The globals field is a dictionary of global key-value pairs; values in globals will be passed to
any plugin that supports the corresponding key. The plugins field should be a dictionary mapping
plugin names to sub-dictionaries of plugin arguments. Lastly, the result_collators attribute is
used to define result collator classes that will be run on the plugin results. By default, the CLI
adds the TableSummary result collator, which prints a summary of each plugin’s results in a
tabular format to the console.
```json
{
"globals_args": {},
"plugins": {
"BiosPlugin": {
"analysis_args": {
"exp_bios_version": "TestBios123"
}
},
"RocmPlugin": {
"analysis_args": {
"exp_rocm_version": "TestRocm123"
}
}
}
}
```
#### Global args
Global args can be used to skip sudo plugins or enable/disble either collection or analysis.
Below is an example that skips sudo requiring plugins and disables analysis.
```json
"global_args": {
"collection_args": {
"skip_sudo" : 1
},
"collection" : 1,
"analysis" : 0
},
```
#### Plugin config: **'--plugin-configs' command**
A plugin config can be used to compare the system data against the config specifications:
```sh
node-scraper --plugin-configs plugin_config.json
```
Here is an example of a comprehensive plugin config that specifies analyzer args for each plugin:
```json
{
"global_args": {},
"plugins": {
"BiosPlugin": {
"analysis_args": {
"exp_bios_version": "3.5"
}
},
"CmdlinePlugin": {
"analysis_args": {
"cmdline": "imgurl=test NODE=nodename selinux=0 serial console=ttyS1,115200 console=tty0",
"required_cmdline" : "selinux=0"
}
},
"DkmsPlugin": {
"analysis_args": {
"dkms_status": "amdgpu/6.11",
"dkms_version" : "dkms-3.1",
"regex_match" : true
}
},
"KernelPlugin": {
"analysis_args": {
"exp_kernel": "5.11-generic"
}
},
"OsPlugin": {
"analysis_args": {
"exp_os": "Ubuntu 22.04.2 LTS"
}
},
"PackagePlugin": {
"analysis_args": {
"exp_package_ver": {
"gcc": "11.4.0"
},
"regex_match": false
}
},
"RocmPlugin": {
"analysis_args": {
"exp_rocm": "6.5"
}
}
},
"result_collators": {},
"name": "plugin_config",
"desc": "My golden config"
}
```
#### Reference config: **'gen-reference-config' command**
This command can be used to generate a reference config that is populated with current system
configurations. Plugins that use analyzer args (where applicable) will be populated with system
data.
Sample command:
```sh
node-scraper --gen-reference-config run-plugins BiosPlugin OsPlugin
```
This will generate the following config:
```json
{
"global_args": {},
"plugins": {
"BiosPlugin": {
"analysis_args": {
"exp_bios_version": [
"M17"
],
"regex_match": false
}
},
"OsPlugin": {
"analysis_args": {
"exp_os": [
"8.10"
],
"exact_match": true
}
}
},
"result_collators": {}
```
This config can later be used on a different platform for comparison, using the steps at #2:
```sh
node-scraper --plugin-configs reference_config.json
```
An alternate way to generate a reference config is by using log files from a previous run.
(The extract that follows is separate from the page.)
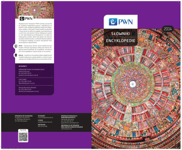 © HUGHES Hervé/Corbis/FotoChannels Wydawnictwo Naukowe PWN istnieje ponad 60 lat. Jesteśmy najbardziej znanym i największym na polskim rynku wydawcą publikacji służących zdobywaniu wiedzy i informacji. Nasze książki są aktualne i nowoczesne nie tylko ze względu na prezentowaną w nich treść, ale również i formę. Dlatego też wiedzę w nich zgromadzoną przekazujemy nie tylko na tradycyjnym nośniku, jakim jest papier, ale również w postaci elektronicznej, co znalazło odzwierciedlenie w niniejszym katalogu w postaci specjalnych ikon oznaczających odpowiednio: SŁOWNIKI 2014 ENCYKLOPEDIE ePub – nowoczesny format wersji elektronicznej książek, którego największą zaletą jest płynne dopasowywanie publikacji do urządzenia, na którym jest ona przeglądana i kupuje się go raz na zawsze. ibuk.pl – czytelnia on-line podręczników akademickich i książek naukowych w języku polskim, w której można wypożyczyć książkę elektroniczną na dowolny okres. Wydawcy Menedżer Pionu Wydawniczego Sylwia Krawczyk tel. (22) 695 44 34 [email protected] Lidia Drabik tel. (22) 695 44 68 [email protected] Danuta Borowska-Mostafa tel. (22) 695 40 49 [email protected] Sprzedaż wysyłkowa Księgarnia Wysyłkowa ul. Gottlieba Daimlera 2 02-460 Warszawa Internet www.ksiegarnia.pwn.pl E-mail [email protected] Infolinia 801-33-33-88 kup teraz katalog_referencyjnea_cover.indd 1 Sprzedaż publikacji obrandowanych Agnieszka Borzęcka tel. (22) 695 40 57 [email protected] Informacje w sprawie reklam na łamach książek [email protected] 4/17/14 8:38 PM SŁOWNIKI I ENCYKLOPEDIE SŁOWNIKI 3 SERIA ZŁOTA 5 SERIA SREBRNA 9 SERIA W KRATKĘ Seria obejmuje największe na polskim rynku podstawowe słowniki języka polskiego – wszechstronnie opisują język, razem stanowią kompendium wiedzy o języku. Są aktualne, wiarygodne i normatywne, opracowane pod redakcją naukową cenionych językoznawców. Uwzględniają rozstrzygnięcia Rady Języka Polskiego przy Prezydium PAN. Dzięki zawartym w nich informacjom możemy używać słów świadomie i poprawnie. Seria przeznaczona jest dla osób, których narzędziem pracy jest język: nauczycieli, dziennikarzy, redaktorów i tłumaczy oraz studentów i miłośników języka. Do większości tytułów w serii dołączona jest gratis płyta CD z odpowiednikiem danego słownika w serii srebrnej. 11 „Z BRALCZYKIEM” Wielki Slownik poprawnej 2014:Wielki Slownik poprawnej 08 3/27/14 3:20 PM Page 2 12 SŁOWNIKI POZA SERIAMI WIELKI S¸OWNIK WIELKI S¸OWNIK 15 PORADNIKI JĘZYKA POLSKIEGO Wielki słownik poprawnej polszczyzny PWN red. nauk. Andrzej Markowski po praw� � � � nej � Informuje, jak mówić i pisać po polsku, a także ostrzega, jakich błędów unikać. PWN Obejmuje 30 000 haseł, w tym wyrazy dawne, regionalizmy, słownictwo środowipo praw� skowe i potoczne. Zawiera 26 000 komentarzy normatywnych. Dzięki rozróżnieniu nej � polszczyzny dwóch norm językowych, wzorcowej i użytkowej, kwalifikuje wyrazy odpowiednio PWN do sytuacji, w których mogą być używane. Odrębne bloki haseł problemowych, a także cząstek wyrazowych czynią z tego słownika niezastąpione kompendium językowe dla każdego, kto chce pięknie i poprawnie mówić po polsku. polszczyzny 15 SERIA DUŻYCH PORADNIKÓW Wielki� s∏ownik� poprawnej� polszczyzny� PWN� jest� najwi´kszym� s∏ownikiem� spoÊród� tych,� które� uczà,� jak� pisaç� i� mówiç� poprawnie� oraz� jakich� b∏´dów� unikaç.� Zawiera: n� 30� 000� hase∏,� w� tym� wyrazy,� które� niedawno� wesz∏y� do� polszczyzny,� wyrazy� dawne,� wyst´pujàce� jeszcze� we� frazeologizmach� i� przys∏owiach,� regionalizmy,� s∏ownictwo� Êrodowiskowe� i� potoczne 16 SERIA MAŁYCH PORADNIKÓW n� 26� 000� komentarzy� normatywnych n� dwie� normy� j´zykowe:� oficjalnà� i� potocznà� n� imiona,� nazwiska,� skróty� i� skrótowce,� nazwy� geograficzne� i� etniczne� –� dla� wygody� w∏àczone� alfabetycznie� do� zasadniczej� cz´Êci� s∏ownika n� osobny� blok� hase∏� problemowych� stanowiàcy� obszerne� kompendium� j´zykowe:� akcent,� anglicyzmy,� antonimia,� archaizmy,� argotyzmy,� augmentativum� i� ponad� 100� innych n� indeks� poj´ç� omówionych� w� has∏ach� problemowych,� u∏atwiajàcy� 19 SŁOWNIKI JĘZYKÓW OBCYCH korzystanie� z� nich n� odr´bny� wykaz� czàstek� wyrazowych� (przedrostków� i� przyrostków) korpus j´zyka polskiego SERIA SŁOWNIKÓW ANGIELSKO-POLSKICH ENCYKLOPEDIE 28 ENCYKLOPEDIE POWSZECHNE 29 ENCYKLOPEDIE SZKOLNE 31 ZAPOWIEDZI polszczyzny PWN 168x238 mm s. LII + 1708 opr. twarda, CD cena 84,90 zł 23 SŁOWNIKI TEMATYCZNE 26 WERSJE ELEKTRONICZNE SŁOWNIKÓW po praw nej� w w w. k o r p u s . p w n . p l 20 INNE SŁOWNIKI JĘZYKÓW OBCYCH 25 SERIA „FIRST STEPS...” S¸OWNIK Podstawà� êród∏owà� s∏owników� PWN� jest� Korpus� J´zyka� Polskiego� –� elektroniczny� zbiór� tekstów, który� gwarantuje� naszym� s∏ownikom� wiarygodnoÊç. Wydawnictwo Naukowe PWN infolinia: 801 33 33 88 www.pwn.pl 19 I POLSKO-ANGIELSKICH PWN-OXFORD � �� �� �� �� �� �� �� WIELKI Wielki słownik ortograficzny PWN Wydanie nowe red. nauk. Edward Polański Słownik pozytywnie zaopiniowany przez Radę Języka Polskiego przy Prezydium PAN. Nowoczesny i wiarygodny. Obejmuje 140 000 haseł. Uwzględnia najnowsze zmiany w ortografii i notuje słowa, które niedawno pojawiły się w naszym języku, np. chillout, empetrójka, googlować, hikikomori, ożędka, szahid. Zawiera też obszerny wykład zasad pisowni i interpunkcji oraz odsyłacze od haseł do zasad, co pomaga uogólnić wiadomości i przyswoić sobie wiedzę, która będzie użyteczna w przyszłości. 168x238 mm s.168 + 977 opr. twarda, CD c

The
example below uses log files from 'scraper_logs_/':
```sh
node-scraper gen-plugin-config --gen-reference-config-from-logs scraper_logs_/ --output-path custom_output_dir
```
This will generate a reference config that includes plugins with logged results in
'scraper_log_' and save the new config to 'custom_output_dir/reference_config.json'.